How do the lines below between the ones holding "한용범 백자상감기하학문편병, 백자소지, 흑화장토 30만원" and "職業情報詳細画面や職業検索結", inclusive, read? Give them again exactly, with no other lines.
━━ Material supplied
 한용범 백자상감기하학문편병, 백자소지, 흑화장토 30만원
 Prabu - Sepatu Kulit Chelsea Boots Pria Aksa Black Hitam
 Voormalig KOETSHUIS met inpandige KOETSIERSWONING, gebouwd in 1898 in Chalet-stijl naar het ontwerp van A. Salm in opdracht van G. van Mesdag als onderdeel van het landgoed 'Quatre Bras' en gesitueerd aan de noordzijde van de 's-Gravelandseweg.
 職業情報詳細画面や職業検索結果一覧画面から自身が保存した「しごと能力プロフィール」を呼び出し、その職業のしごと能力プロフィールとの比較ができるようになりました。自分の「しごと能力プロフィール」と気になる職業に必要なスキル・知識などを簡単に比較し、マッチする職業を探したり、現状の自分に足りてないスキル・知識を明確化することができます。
━━━━
━━ Material supplied
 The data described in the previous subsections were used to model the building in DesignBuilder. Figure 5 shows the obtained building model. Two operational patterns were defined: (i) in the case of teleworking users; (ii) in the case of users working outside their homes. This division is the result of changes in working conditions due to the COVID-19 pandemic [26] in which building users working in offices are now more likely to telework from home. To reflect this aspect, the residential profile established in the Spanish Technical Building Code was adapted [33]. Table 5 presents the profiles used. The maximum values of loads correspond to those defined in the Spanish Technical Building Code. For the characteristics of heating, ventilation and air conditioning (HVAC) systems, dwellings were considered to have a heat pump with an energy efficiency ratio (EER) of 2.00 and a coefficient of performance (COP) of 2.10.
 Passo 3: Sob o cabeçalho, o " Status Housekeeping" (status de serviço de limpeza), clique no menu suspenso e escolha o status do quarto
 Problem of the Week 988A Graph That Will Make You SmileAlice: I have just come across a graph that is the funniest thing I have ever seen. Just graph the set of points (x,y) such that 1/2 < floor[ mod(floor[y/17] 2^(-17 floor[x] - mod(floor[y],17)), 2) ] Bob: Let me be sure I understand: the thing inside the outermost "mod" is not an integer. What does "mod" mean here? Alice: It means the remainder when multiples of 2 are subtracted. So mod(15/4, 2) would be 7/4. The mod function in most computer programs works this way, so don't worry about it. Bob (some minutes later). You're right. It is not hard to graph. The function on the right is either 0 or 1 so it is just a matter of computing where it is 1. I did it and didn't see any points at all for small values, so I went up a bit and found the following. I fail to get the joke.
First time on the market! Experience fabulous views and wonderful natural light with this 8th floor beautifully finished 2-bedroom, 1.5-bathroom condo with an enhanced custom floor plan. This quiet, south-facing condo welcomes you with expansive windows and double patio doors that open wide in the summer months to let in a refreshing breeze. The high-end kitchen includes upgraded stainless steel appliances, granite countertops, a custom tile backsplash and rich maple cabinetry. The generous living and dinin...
━━━━
■ Result of this exercise:
 한용범 백자상감기하학문편병, 백자소지, 흑화장토 30만원
 Prabu - Sepatu Kulit Chelsea Boots Pria Aksa Black Hitam
 Voormalig KOETSHUIS met inpandige KOETSIERSWONING, gebouwd in 1898 in Chalet-stijl naar het ontwerp van A. Salm in opdracht van G. van Mesdag als onderdeel van het landgoed 'Quatre Bras' en gesitueerd aan de noordzijde van de 's-Gravelandseweg.
 職業情報詳細画面や職業検索結果一覧画面から自身が保存した「しごと能力プロフィール」を呼び出し、その職業のしごと能力プロフィールとの比較ができるようになりました。自分の「しごと能力プロフィール」と気になる職業に必要なスキル・知識などを簡単に比較し、マッチする職業を探したり、現状の自分に足りてないスキル・知識を明確化することができます。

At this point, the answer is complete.